Взаимодополнение ML-подхода и поведенческих детектов в виде корреляций
ML-модель очень хорошо проявила себя в сочетании с поведенческими детектами в виде корреляций. Важно заметить, что именно в сочетании, так как обобщающая способность модели хороша в случаях, когда необходимо расширить решение обнаружением схожих и близких инцидентов, но не в случаях, когда нужен детект в рамках четкого понимания правил и критериев того, что является вредоносным ПО.
Примерами, где ML-подход смог действительно расширить решение, стали:
Аномальные цепочки подпроцессов. Само по себе большое число ветвистых цепочек — явление легитимное. Но аномальность в количестве узлов, степени вложенности, повторяемости или не повторяемости каких-то конкретных имен процессов модель замечает, а человек заранее такое не нафантазирует найти вредоносным.
Нестандартные значения параметров вызовов по умолчанию. В большинстве случаев аналитика интересуют значимые параметры функций, в которых ищут зловред. Остальные параметры, грубо говоря, — значения по умолчанию, они не особо интересуют. Но в какой-то момент так получается, что вместо, допустим, пяти значений по умолчанию встречается шестое. Аналитик мог не предположить, что такое возможно, а модель заметила.
Нетипичные последовательности вызовов функций. Тот случай, когда каждая функция по отдельности не делает ничего вредоносного. Да и в совокупности — тоже. Но так вышло, что их последовательность не встречается в легитимном ПО. Аналитику потребуется гигантский опыт, чтобы самостоятельно заметить такую закономерность. А модель замечает (и не одну), решая нестандартно задачу классификации по признаку, который вообще-то не закладывался как показатель вредоносности.

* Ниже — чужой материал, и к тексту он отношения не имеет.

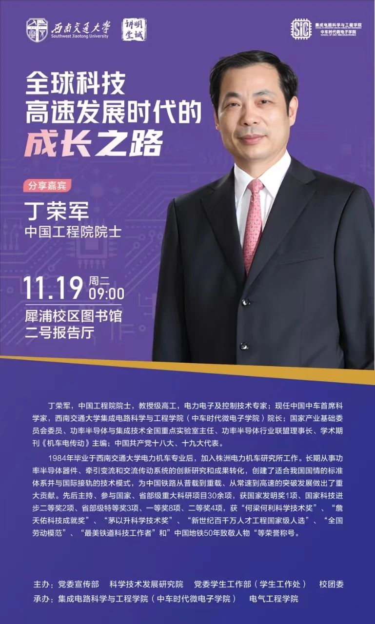 丁荣军,中国工程院院士,教授级高工,电力电子及控制技术专家;现任中国中车首席科学家,TapTap188改名(点点)(中车时代微电子学院)经理;国家产业基础委员会委员、功率半导体与集成技术全国重点实验室主任、功率半导体行业联盟理事长、学术期刊《机车电传动》主编;中国共产党十八大、十九大代表。

Примеры, где важен именно сигнатурный поведенческий анализ:
Использование конкретного компонента одним вызовом для вредоносного действия. Система использует сотни объектов в разной вариативности, в разной степени. Уловить использование одного на фоне миллиона других едва ли удастся — гранулярность аномалии все же низковата.
Проактивный детект по модели угроз. Решили, что некое действие на некий объект в системе хотя бы один раз, недопустимо. Модель может с первого раза не понять, что это значимое явление, и будет шанс ошибки или неуверенного решения на этапе классификации чего-то похожего.

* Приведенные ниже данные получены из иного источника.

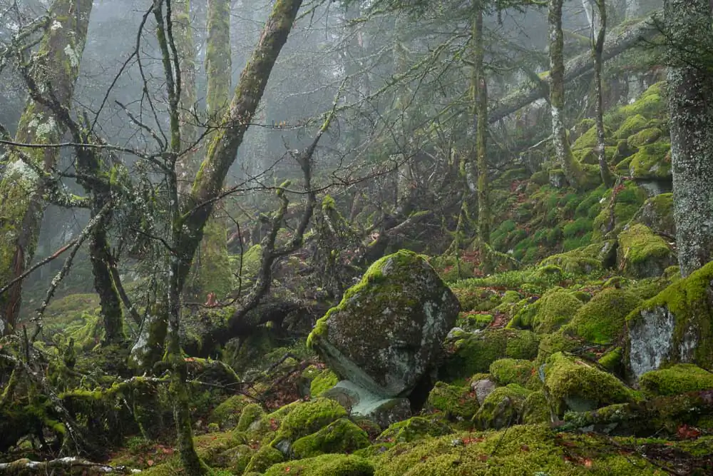There is a magical atmosphere when I enter these forgotten forests. A truly wild paradise where I can pause, breathe the humid and fresh air, admire primeval trees, tree ferns, moss, epiphytes and sometimes epiphytes or hanging lianas. A unique flora and fauna exist in these living museums replete with species extinct elsewhere. Wafts of fog rise between the plants; it drips from the treetops and an elusive wildlife can be heard o seen from different directions. Silent and amazed, I roam discreetly through these places, always attentively looking for an ideal angle for a picture. The type of photography demands all senses and experiences. But the effort is worth it for these extraordinary places.

Обфускация последовательности действий. Например, может быть известно, что нужно сделать 3-4 действия в определенном порядке. Неважно, что будет между ними. Если накидать мусорные действия между 3-4 ключевыми — это собьет модель, решение будет принято неверно. При этом размерность числа признаков не позволяет учитывать такие запутывания хранением всех комбинаций последовательностей вызовов, а не только общего количества.